Como una flecha salió de su boca.
Y como una flecha tenía un objetivo preciso. Pero además de la afrenta verbal
teledirigida hubo otras señas. Gestuales, de puesta en escena, de enfoque, de
planos visuales, de movimiento de piezas. Un fenómeno complejo. Cabían dos o
más posibilidades: reenviar la flecha,
esquivarla candorosamente, desentenderse, sonreír como si tal cosa, responder
abruptamente, desequilibrase, desorientarse…
Otra posibilidad, imprevisible
tal vez: correrse y dejar que la flecha pasara de largo. Vaya a saber a dónde
iría a parar. Podría herir a un tercero
o a más de uno, podría resquebrajar la escenografía, podría quedar detenida en
el aire, flotando como un absurdo banderín, podría regresar como un boomerang.

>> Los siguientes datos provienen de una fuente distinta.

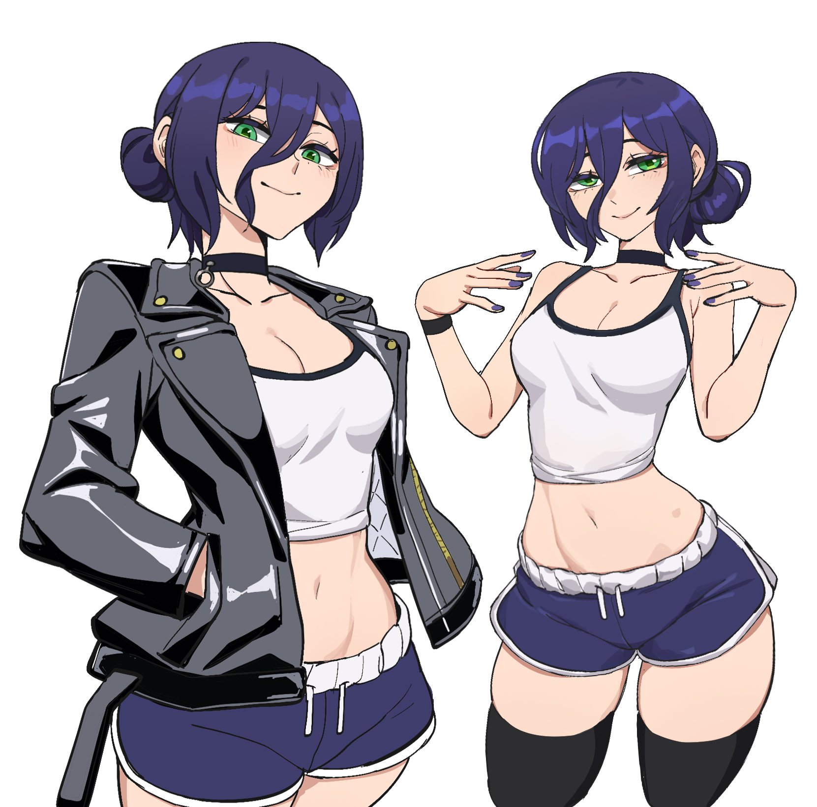 1girlbellyblack chokerchokerhair bunjacketopen clothesopen jacketpull cordshirtsingle hair bunsleevelesssleeveless shirtsolo

El personaje de este breve relato eligió esta opción. Y se sentó a esperar. Y
mientras aguardaba se sintió cansado,
abatido y hasta receloso. Pero igual mantuvo su decisión. Y los años pasaron y
se volvió viejo. Entretanto la flecha andaba dando vueltas enloquecida.

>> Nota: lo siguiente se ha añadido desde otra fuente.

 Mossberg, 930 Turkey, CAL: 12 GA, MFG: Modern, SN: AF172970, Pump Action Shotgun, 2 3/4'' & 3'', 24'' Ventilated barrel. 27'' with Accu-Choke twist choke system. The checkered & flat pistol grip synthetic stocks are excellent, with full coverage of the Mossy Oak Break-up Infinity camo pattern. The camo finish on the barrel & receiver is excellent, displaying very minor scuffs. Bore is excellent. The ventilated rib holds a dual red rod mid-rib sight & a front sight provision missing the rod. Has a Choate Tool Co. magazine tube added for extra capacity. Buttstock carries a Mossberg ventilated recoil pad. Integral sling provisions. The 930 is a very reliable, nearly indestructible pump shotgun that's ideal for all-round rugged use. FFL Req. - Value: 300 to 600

Aguijoneando a unos y otros, a los tumbos, inmisericorde. Desviada de su objetivo primero, fue
sufriendo también ella un proceso de desintegración. El que se suponía agravio se transformó en patético
artefacto o simple herrumbre.
El personaje se sentó bajo un
árbol ¿el de la vida? Ya poco podía esperar porque era viejo. Y sin embargo
pudo asistir al amanecer y al ocaso. Así, con la rapidez de una saeta. El sol
en lo alto y su resplandor sobre la oscuridad de la tierra.
Y entonces contempló sus manos, que estaban limpias, y
con ellas trenzó una luz silenciosa.